# Weeks in France/Italy that I can't use... What are my options?



## BillC (Feb 4, 2009)

I confirmed two consecutive weeks in France and Italy for this Spring about 
1-1/2 years ago thru RCI. I now find that I can not use them. What are my options (other than cancelling them and losing the trade fees)?

Thanks!


----------



## DeniseM (Feb 4, 2009)

If you are asking if you can rent them, RCI has a strict policy against it and they actively seek out people who violate the rule.  If you are caught, consequences can include losing your membership, your deposit, and the exchange(s.)
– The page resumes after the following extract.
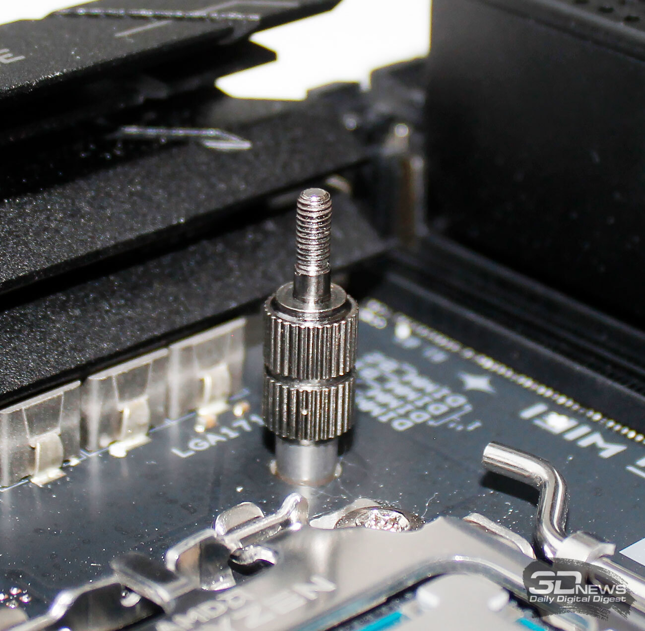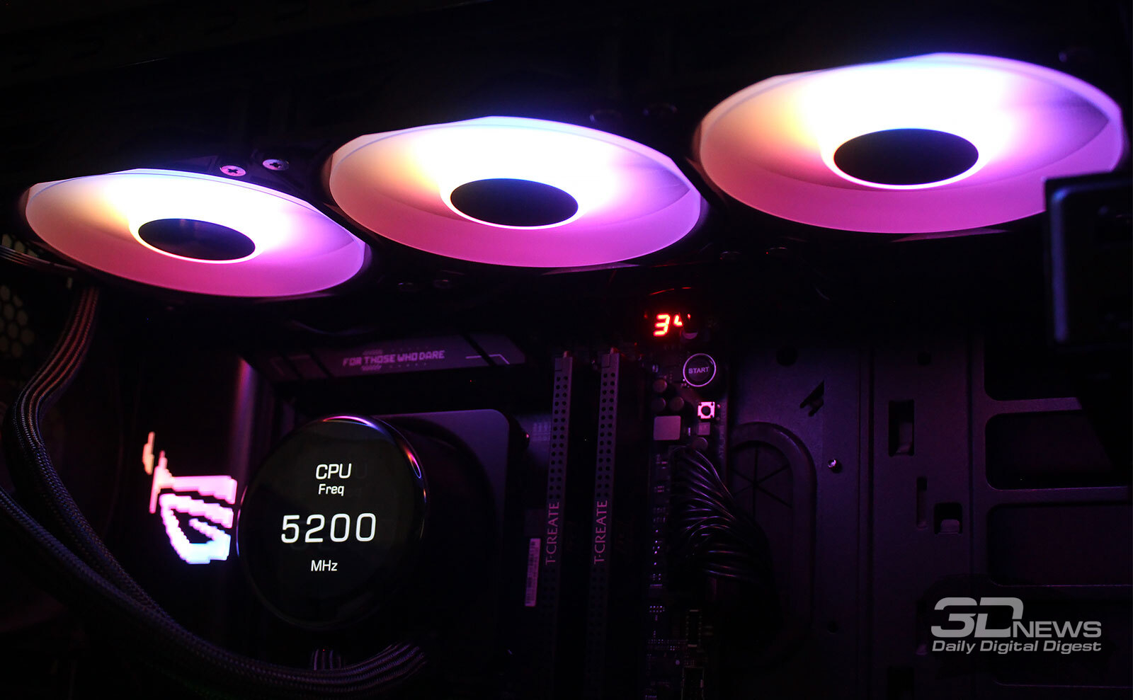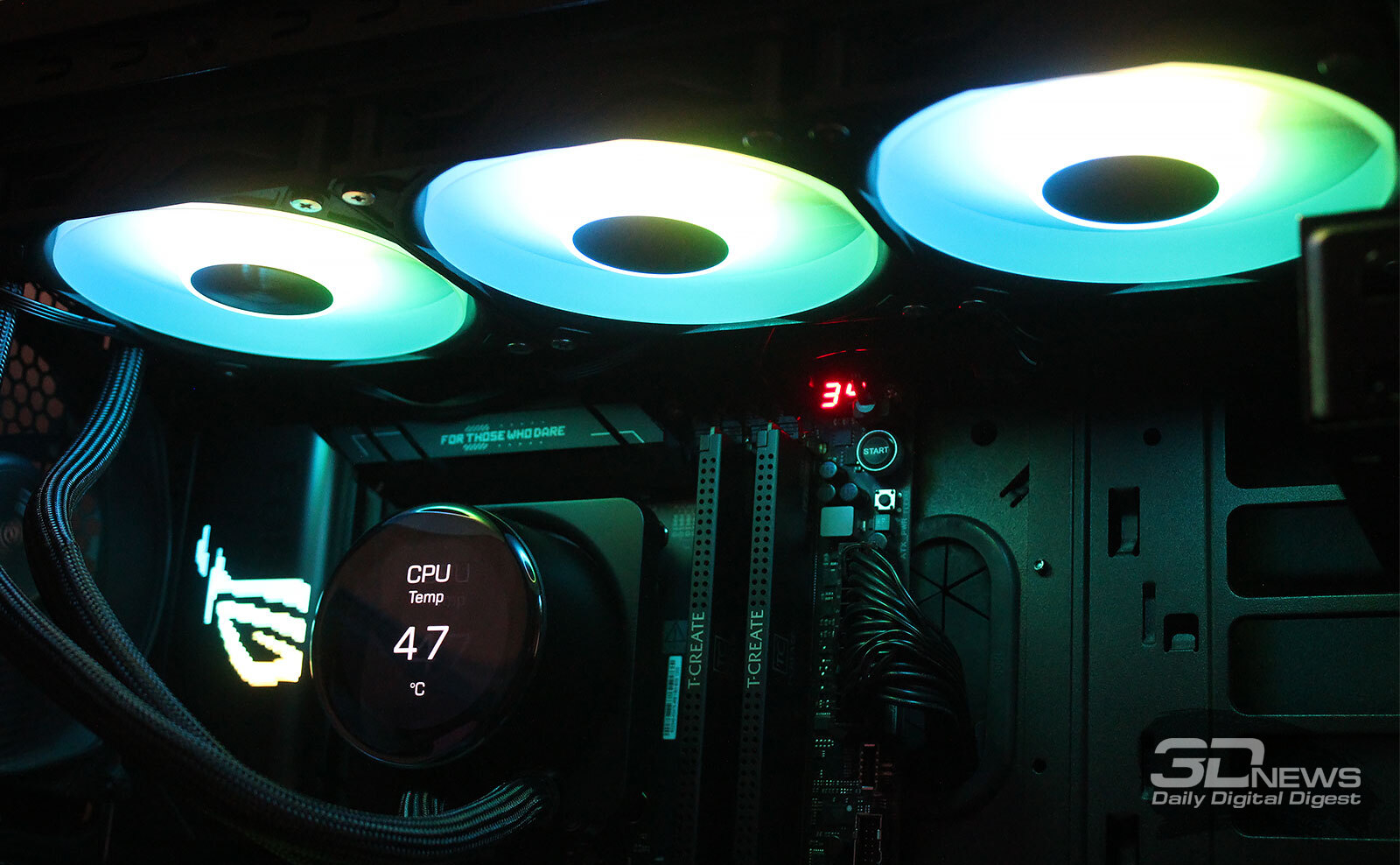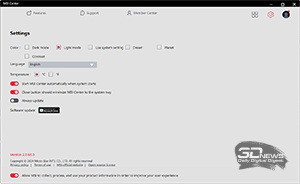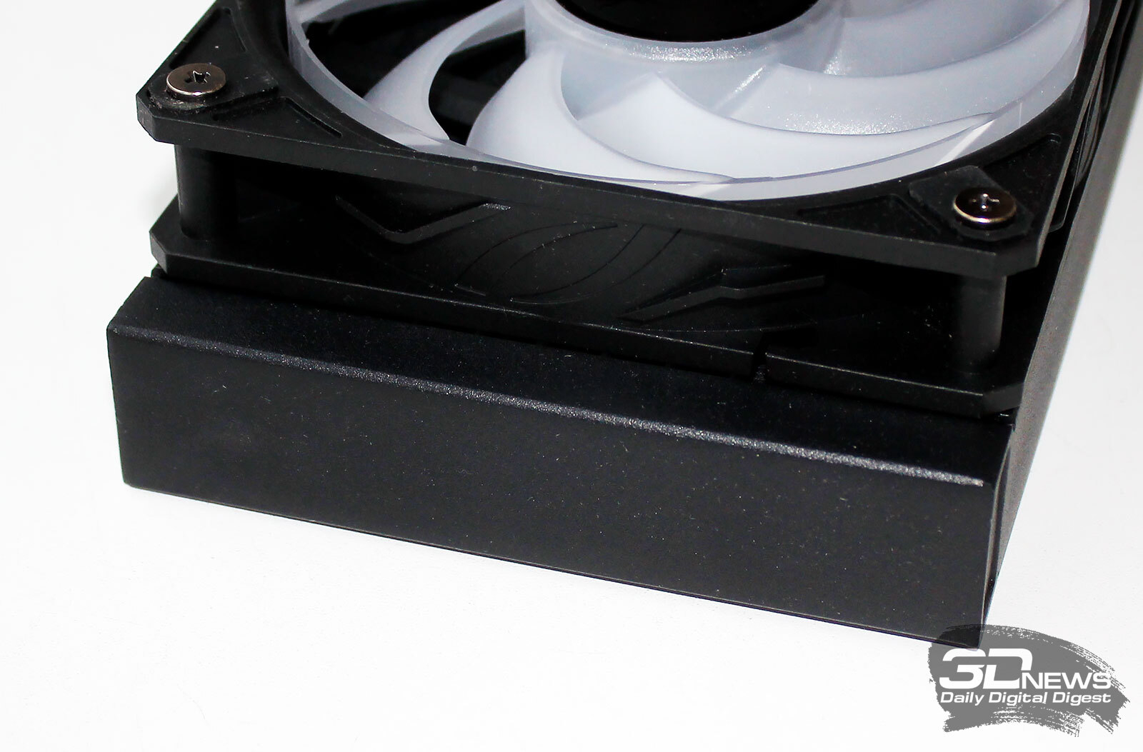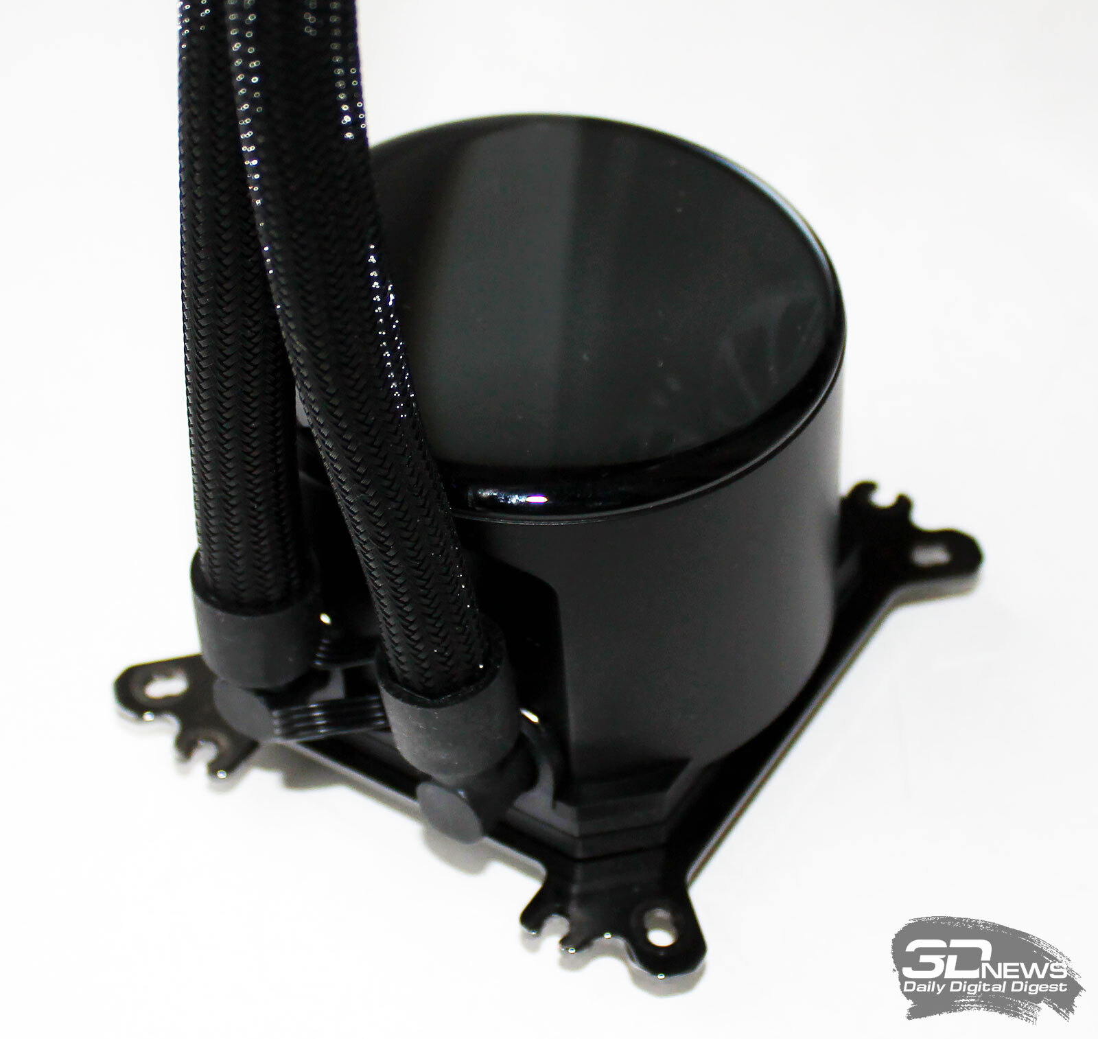⇡#Упаковка и комплектацияКартонная коробка, в которой поставляется MSI MPG CoreLiquid P13, выглядит очень ярко и стильно. На её лицевой стороне приведено крупное фото СЖО с работающими вентиляторами и помпой, а ниже указана серия и модель системы. На противоположной стороне коробки внимание концентрируется на экране помпы с «каруселью» из разных режимов его работы. Технические характеристики СЖО размещены на одном из торцов упаковки, где также можно найти перечень поддерживаемых процессорных сокетов и QR-коды на загрузку программного обеспечения. В цветную коробку вставлена корзина из пористого картона с отсеками под компоненты системы жидкостного охлаждения. Это достаточно надёжная упаковка, выдерживающая все перипетии российско-китайской доставки. Комплектующие СЖО находятся в отдельной коробочке, к которой прилагается гарантийная памятка. А вот бумажной инструкции по установке в комплекте MPG CoreLiquid P13 почему-то не нашлось. В коробочке находятся усилительная пластина для Intel, четыре набора винтов, втулок и шпилек, декоративная панель и термопаста. MSI MPG CoreLiquid P13 выпускается в Китае. Стоимость СЖО в России составляет 11600 рублей, гарантия – 3 года. ⇡#Особенности конструкцииСистема жидкостного охлаждения MSI MPG CoreLiquid P13 доступна в белом и чёрном оформлении. Как раз последний вариант мы сегодня и тестируем. Система построена по классической схеме, когда 360-мм радиатор соединён двумя гибкими шлангами трубками с блоком помпы и водоблока. Внешне модель MPG CoreLiquid P13 почти не отличается от ранее протестированной нами MAG CoreLiquid A13 360, разве что дизайн водоблока здесь другой. Общая масса системы без учёта креплений, монтируемых на материнскую плату, составляет 1712 граммов, – плюс-минус обычное значение для СЖО 360-мм форм-фактора. Радиатор выполнен из алюминия, его размеры равны 394 × 120 × 27 мм. При этом размеры так называемого «рабочего тела» радиатора (плоские каналы и перфорированная лента между ними) составляют 359 × 117 × 20,5 мм. Всего в радиаторе двенадцать каналов, по которым прокачивается теплоноситель, а плотность радиатора равна стандартным для СЖО этого класса 20-21 FPI. Торцы радиатора ничем примечательным не выделяются: из основного выходят два статичных фитинга с опрессованными на них шлангами, а на противоположном вообще ничего нет (да и не должно быть). Радиатор с помпой соединены парой шлангов из синтетического каучука (EPDM) в нейлоновой оплётке. Их длина равна 370 мм. Соединительных хомутов на шлангах нет. Как вы уже наверняка для себя отметили, радиатор и шланги в MPG CoreLiquid P13 абсолютно стандартны и ничем не отличаются как от других моделей СЖО компании MSI, так и от систем жидкостного охлаждения иных производителей. А вот помпа и вентиляторы отличаются. Итак, помпа. Её размеры равны 85 × 80 × 73 мм, а дизайн можно назвать минималистичным: эдакий короткий бочонок с чёрной глянцевой крышкой, в которую встроен 2,1-дюймовый IPS LCD-дисплей. Сразу обращает на себя внимание отсутствие каких-либо кабелей у помпы, но подробнее мы об этом расскажем чуть позже. Скорость вращения ротора заявлена на отметке 3400 об/мин, что было подтверждено данными мониторинга. Интересно, что при такой довольно высокой скорости ротора энергопотребление насоса составило 2,5 ватта и соответствует указанному в её характеристиках. Уровень шума не должен превышать 20 дБА – это очень низкое

TUG members can use the Sightings/Distress Board for exchanges they can't use, but please read the very specific rules at the top of the board, if you decide to post there.

Good luck!


----------



## geekette (Feb 5, 2009)

You could probably find someone that would want to go, and a guest certificate will allow them to check in on your behalf.


----------



## Laurie (Feb 6, 2009)

You don't lose the entire exchange fee if you cancel 60 or more days in advance. Your loss may be around $129 each, depending upon when you reserved. Check your confirmations and the fees and dates should be printed at the bottom. Then you'd have your weeks back in your spacebank, if they haven't expired - and if they have you can pay to extend them.


----------